DATASET EXTRACT |
########################################

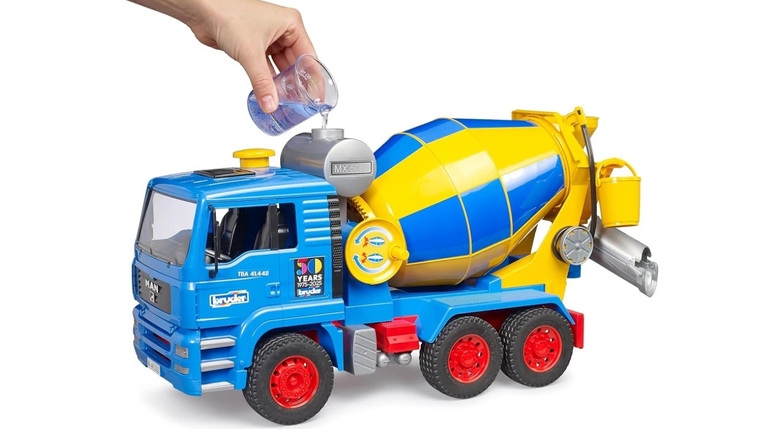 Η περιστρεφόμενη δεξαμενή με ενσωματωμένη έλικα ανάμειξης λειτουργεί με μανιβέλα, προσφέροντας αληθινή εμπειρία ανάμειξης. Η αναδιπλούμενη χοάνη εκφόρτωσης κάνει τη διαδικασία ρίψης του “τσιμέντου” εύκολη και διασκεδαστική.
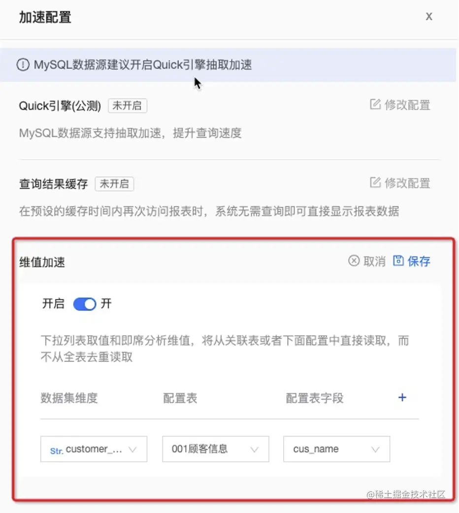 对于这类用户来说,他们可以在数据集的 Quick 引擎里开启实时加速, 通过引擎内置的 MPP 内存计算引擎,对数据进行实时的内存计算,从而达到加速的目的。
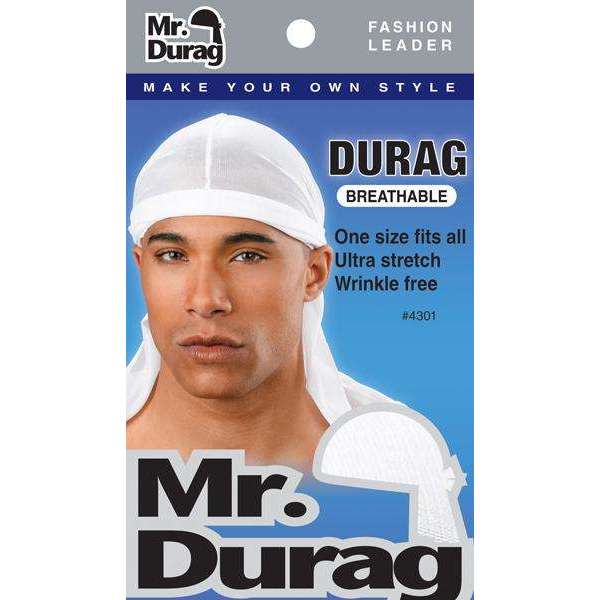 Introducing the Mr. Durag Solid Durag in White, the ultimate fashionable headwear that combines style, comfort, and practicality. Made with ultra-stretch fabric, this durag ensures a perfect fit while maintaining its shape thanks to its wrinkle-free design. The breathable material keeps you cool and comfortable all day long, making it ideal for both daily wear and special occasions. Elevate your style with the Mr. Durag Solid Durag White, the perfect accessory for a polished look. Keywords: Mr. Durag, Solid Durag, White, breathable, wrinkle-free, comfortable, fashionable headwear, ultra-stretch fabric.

########################################

TRY IT | Starting at the line that holds "对于这类用户来说,他们可以在数据集的 Quick 引擎里开启实时加速, 通过引擎内置的", retype every line through the end of the data, both ends included. Pictures stay out of the copy.

REPLY |
 对于这类用户来说,他们可以在数据集的 Quick 引擎里开启实时加速, 通过引擎内置的 MPP 内存计算引擎,对数据进行实时的内存计算,从而达到加速的目的。
 Introducing the Mr. Durag Solid Durag in White, the ultimate fashionable headwear that combines style, comfort, and practicality. Made with ultra-stretch fabric, this durag ensures a perfect fit while maintaining its shape thanks to its wrinkle-free design. The breathable material keeps you cool and comfortable all day long, making it ideal for both daily wear and special occasions. Elevate your style with the Mr. Durag Solid Durag White, the perfect accessory for a polished look. Keywords: Mr. Durag, Solid Durag, White, breathable, wrinkle-free, comfortable, fashionable headwear, ultra-stretch fabric.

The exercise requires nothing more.